Bishop Glen John Provost
Bishop of Lake Charles
Cathedral of the Immaculate Conception
December 19, 2010
Fourth Sunday of Advent


“This is how the birth of Jesus Christ came about.”  Matthew 1:18

We are preparing to remember the Incarnation.  This great mystery is what Christmas is all about.  The Word of God becomes flesh in the womb of the Virgin Mary and enters the world.  On Christmas day we will read the magnificent verses of the Gospel of St. John:  “In the beginning was the Word….  And the Word became flesh and made his dwelling among us” (John 1:1, 14).  It is the fulfillment of a dream.

I would suggest that the dream began long before this to reveal itself.  For the Jews the most important event in their deliverance and salvation history is the Exodus with the Covenant at Mount Sinai.  This had a beginning too.  God reached out to His people, and He did so by first making contact with Moses in a burning bush.  This is how the Book of Exodus relates the words of God to Moses:  “I have come down to rescue them from the hands of the Egyptians and lead them out of that land into a good and spacious land, a land flowing with milk and honey…” (Exodus 3:8).  This act of God has virtually no precedence in any world religion.  God takes the initiative.  In His words, He comes down to rescue His people.  His action is communicated with His powerful name, which He gives to Moses:  “I am who am” (Exodus 3:14).  One scholar of Sacred Scripture describes this action of God in this way:  “No one can force Him, nor even penetrate to Him.  … it also asserts something positive, an extra-ordinarily active and attentive presence, an invulnerable and liberating power, an inviolable promise: ‘I am’” (Xavier Leon-Dufour, Dictionary of Biblical Theology).         
This same God is described in the Gospel of St. Luke as having sent the angel Gabriel to communicate to Mary.  The message is that she will conceive and bear a son whose name will be Jesus.  “He will be great and will be called Son of the Most High” (Luke 1:32).  God is coming down to earth.  He is reaching down to mankind.
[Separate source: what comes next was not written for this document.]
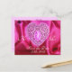 CUPID LACE HEART SILK FUCHSIA CLOTH , Pink Violet Announcement Postcard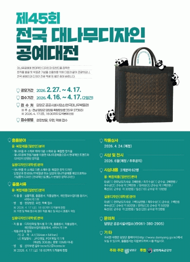 일반부는 대나무와 다른 소재를 결합한 현대적 창작 실물 작품을, 대학생부는 담양이나 대나무 공예를 상징하는 기념품 디자인 파일을 제출하면 된다.

In the Gospel of St. Matthew that we hear today, an angel of God communicates this same message in a dream to Joseph.  The angel explains to the troubled Joseph, “’It is through the holy Spirit that this child has been conceived in her.  She will bear a son and you are to name him Jesus, because he will save his people from their sins’” (Matthew 1:20-21).  God is coming “down to rescue his people.”  What was done in the past through the mediation of a human agent, Moses, will now be done by God himself.  The great Letter to the Hebrews will describe it this way:  “In times past, God spoke in partial and various ways to our ancestors through the prophets; in these last days, he spoke to us through a son, whom he made heir of all things and through whom he created the universe” (Hebrews 1:1-2). 

This is the good news of the Incarnation which we will actually celebrate every time we acknowledge Jesus as Lord but which we will recall in a special feast — Christmas.  We will gather with friends and family and wish each other, “Merry Christmas.”  Around Christmas trees we will sing carols that fill the air with wonder and awe at so great a coming down to earth.  On a chilly night or an overcast winter day, we will bring the cheer and happiness of the Incarnation to the poor or the sick or a gift to someone we love.  It is Christmas, and let no one take its joy from us. 

For in that joy, we remember all that is good, all that is worthwhile, all that makes life worth living.  Because if God saw fit to take on human flesh and redeem it, then there is hope and we have no reason for despair.  The Gospel of St. Matthew, commenting on the message of the angel to Joseph, explains the significance of the name of Jesus, quoting a prophecy of Isaiah.  The name Emmanuel means “God is with us” (Matthew 1:23).   God is so near. 

As the Fathers of our Catholic faith once observed, God revealed himself to Moses in a burning bush that was not consumed by fire.  Now God reveals himself to us in a virgin birth, where the mother remains what she is — a virgin.  It is miraculous.  It is mysterious.  It is the Incarnation, and it is Christmas.